Porque en este regreso hay una mojigata recargada: es
despiadada, porque lo es para con ella misma, es graciosa porque se burla y se
ríe de sus propias miserias y contradicciones. La Mojigata es un espejo en el
que la sociedad no siempre quiere verse reflejado, sobre todo porque la
sociedad es también el espejo en el que la murga elije mirarse.
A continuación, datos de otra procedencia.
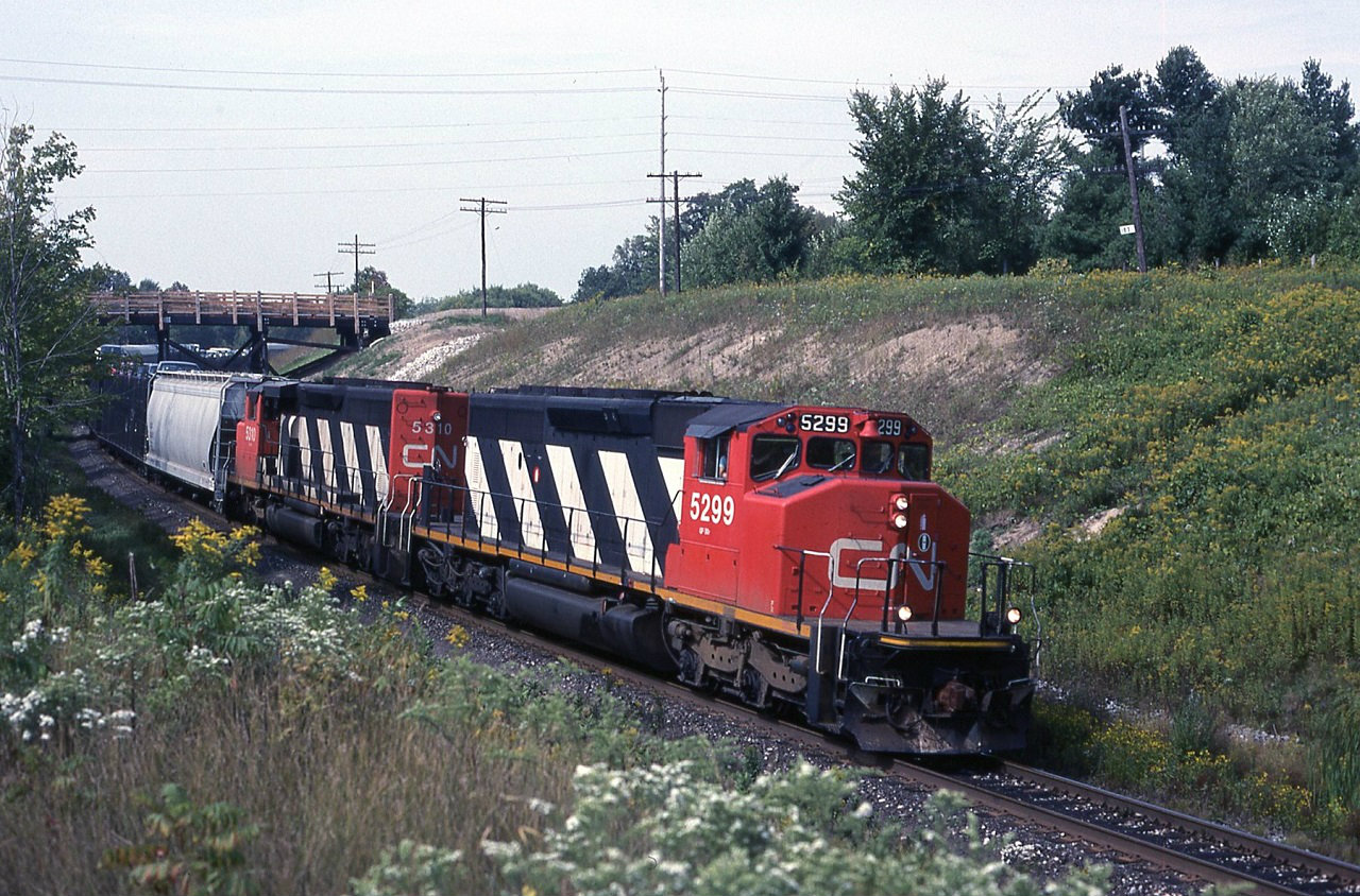 Caption: Detour train CN 308 with SD40-2,s 5299 and 5308 duck under Salem road at mile 183 on the CP,s Belleville sub. A wreck on the CN was the cause for detouring trains. This didn't last long because CP could not handle the number of trains CN wanted to run. CN gave up after only a few trains and waited for there track to reopen.

Es cierto, a veces se les nota el cansancio en las gargantas
y parece que por momento apenas desafinan, pero doy fe, se
los juro: la pastaflora de mi abuela a veces tenía los bordes tostados, y a mi
eran los que más me gustaban.
“Hay respuestas escondidas / cuesta la vida tenerlas / y llegar a
comprenderlas/ es una pregunta más “
Creo que por eso lloré como un niño mientras cantaban su
despedida: una despedida profunda, alegre y brillante. Y creo que es por eso
que seguí llorando mientras los veía bajar, siempre cantando, del escenario, para
mezclarse entre la gente.
Curiosas paradojas de la vida: despedir a mi abuela en un
tablado, a 800 kilómetros de distancia y con las eternas aguas del río-mar de
por medio.
“Yo sé que hay preguntas sin respuestas / que me buscan y me
encuentran, / que solo el amor contesta, / que el amor me hace buscar”
Confieso que me siento muy afortunado, en muchas ocasiones
de mi vida, cuando ya daba las cosas por perdidas, o cuando sentía que nada
podía a cambiar, algo o alguien venía a revelarme que no es así, que siempre
hay algo más por preguntar.
Y ahí estaba La Mojigata cantándomelo en la cara.
“Yo sé; la pregunta, la respuesta,
/que hay cuestiones que molestan /
y me hacen doblar la apuesta/ preguntar
me ayuda a andar”
Soy muy afortunado, insisto. Y para dar cuenta de ello, este
febrero, La mojigata, (este grupo de bellas personas de los cuales con dos o
tres he compartido músicas y charlas, de algunos conozco solo sus nombres, con
otros apenas crucé palabra y con el resto ni siquiera eso) estuvo ahí para recordarme que la vida está
hecha de preguntas, que la memoria es también lo que uno quiere o elige
recordar. Que no es tarea menor preguntarse qué imágenes, qué sabores, que
sensaciones nos van a acompañar por el resto de nuestras vidas, como pequeños
tesoros que nos hacen ser quienes somos.
Qué suerte la mía: La mojigata estuvo ahí, una vez más, para
contarme que también hay muchas formas distintas de preguntarnos por los
misterios de la vida, de ofrendar nuestro cariño y de conjugar el amor.